> [Exercise instructions]:
Return, with both end lines included, exactly what the data below holds from the line with "Title: Sunflower Botanical" through the line with "Grand vide-grenier de", though not the pictures.

START Data supplied

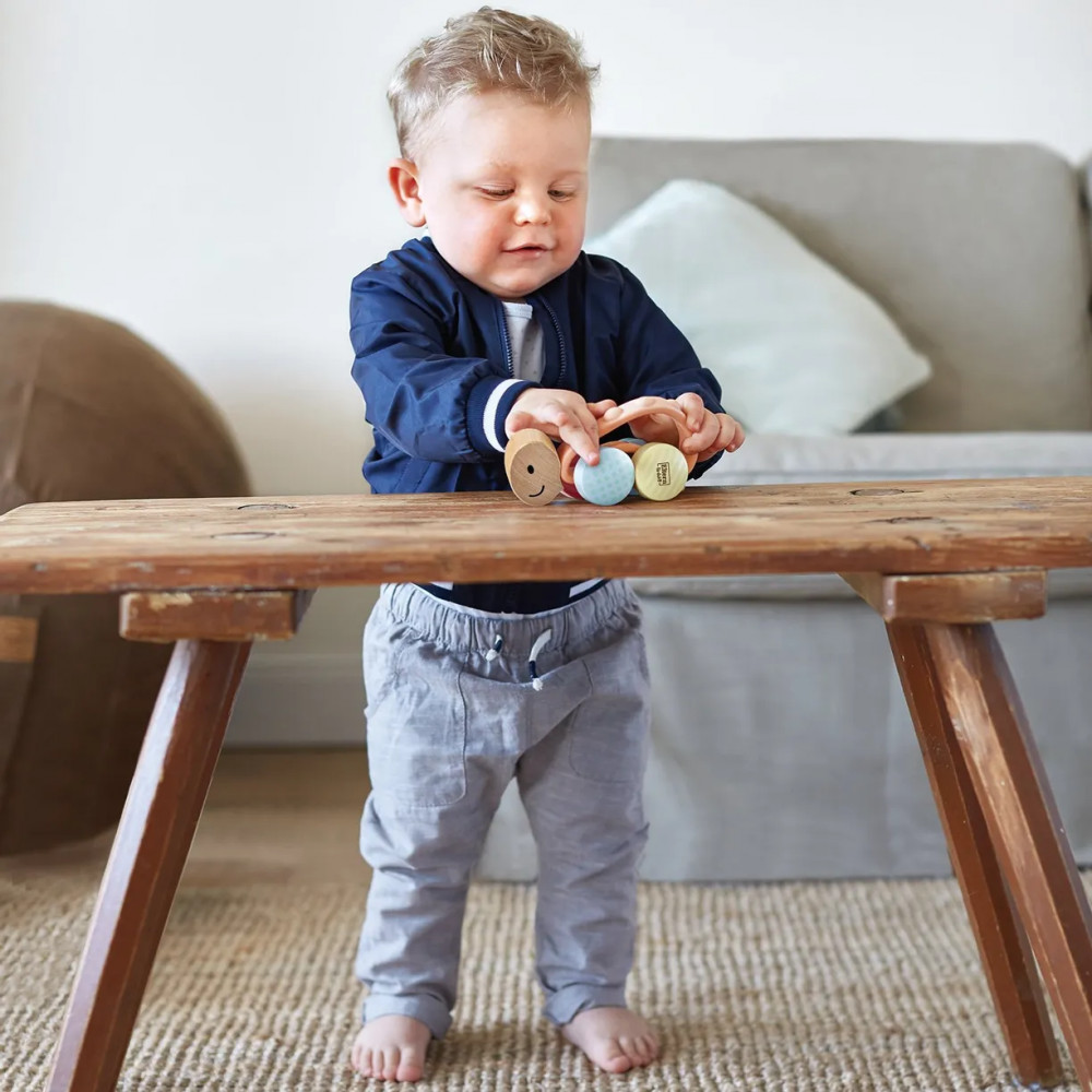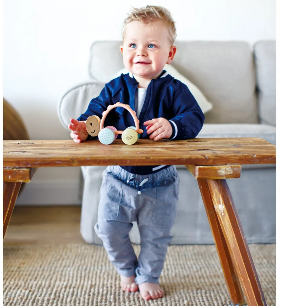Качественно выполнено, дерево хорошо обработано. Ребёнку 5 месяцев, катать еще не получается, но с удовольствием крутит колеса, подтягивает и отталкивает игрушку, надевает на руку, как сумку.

END Data supplied
START Data supplied

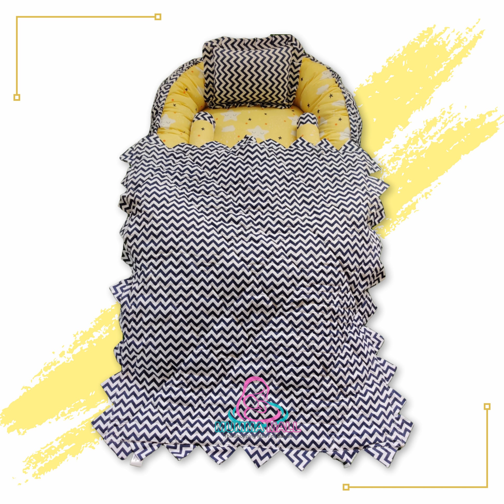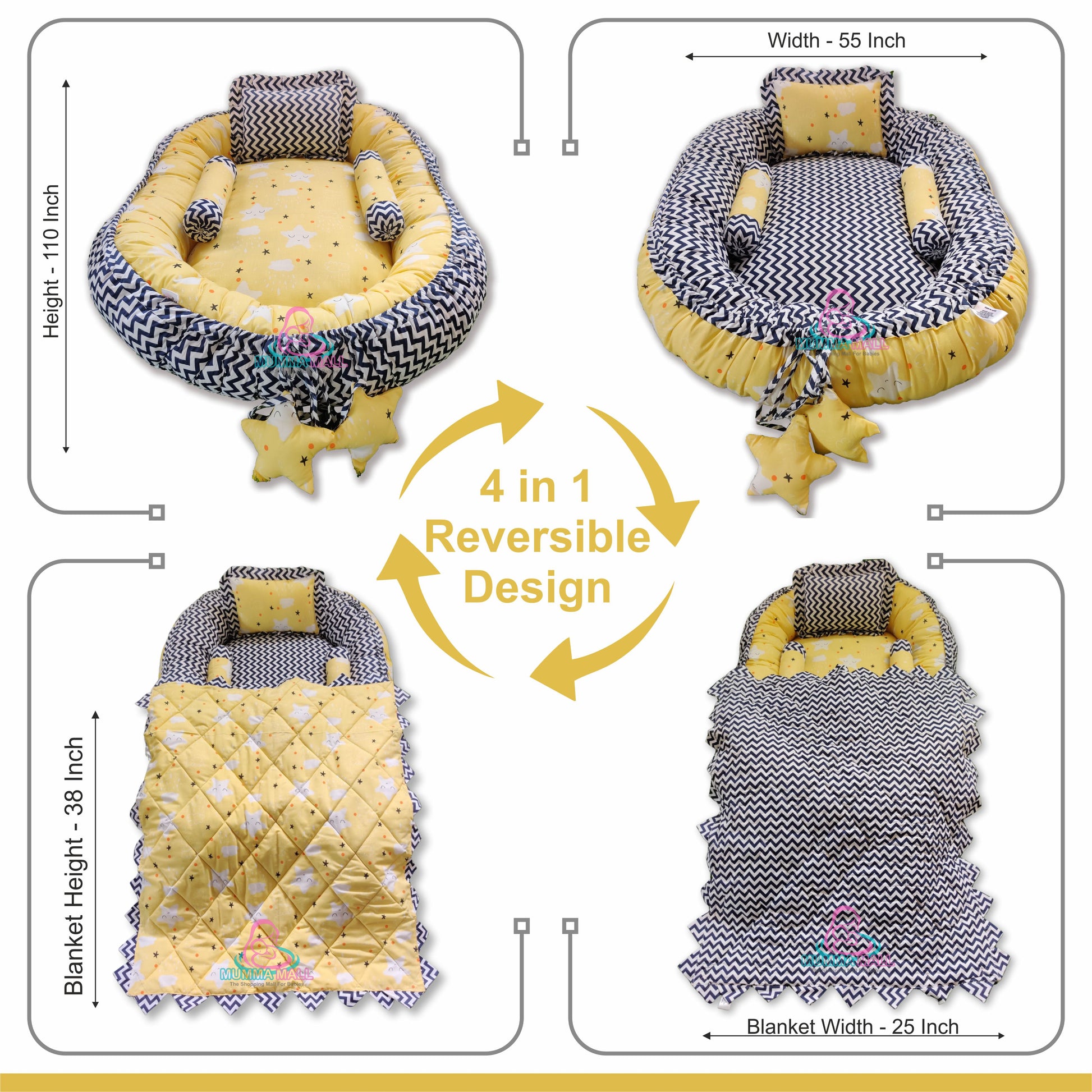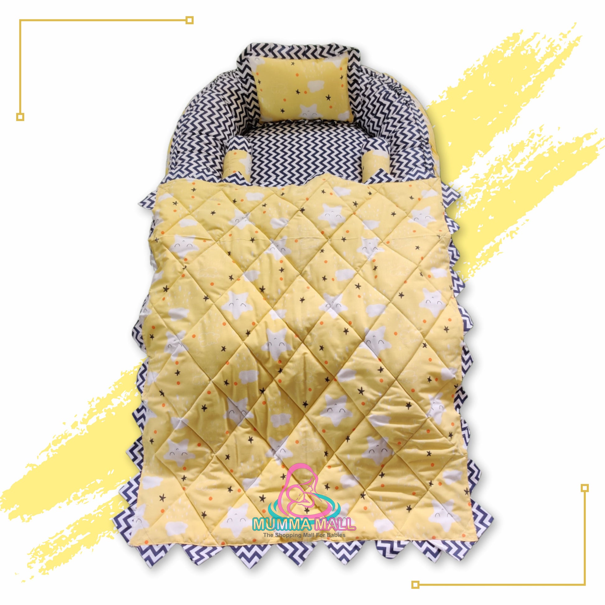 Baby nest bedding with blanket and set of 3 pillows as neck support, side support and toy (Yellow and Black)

END Data supplied
START Data supplied

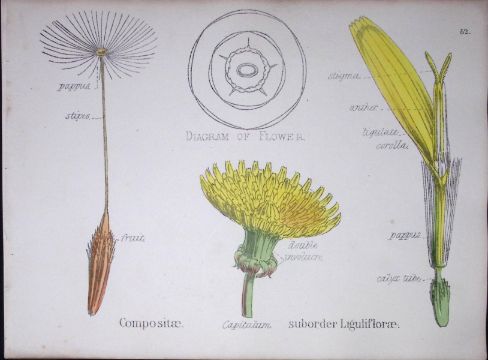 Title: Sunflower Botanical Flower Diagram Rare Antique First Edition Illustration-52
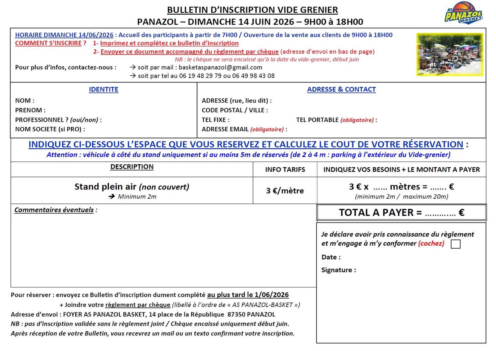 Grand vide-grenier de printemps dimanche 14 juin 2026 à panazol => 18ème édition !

END Data supplied

> [Written reply]:
 Title: Sunflower Botanical Flower Diagram Rare Antique First Edition Illustration-52
 Grand vide-grenier de printemps dimanche 14 juin 2026 à panazol => 18ème édition !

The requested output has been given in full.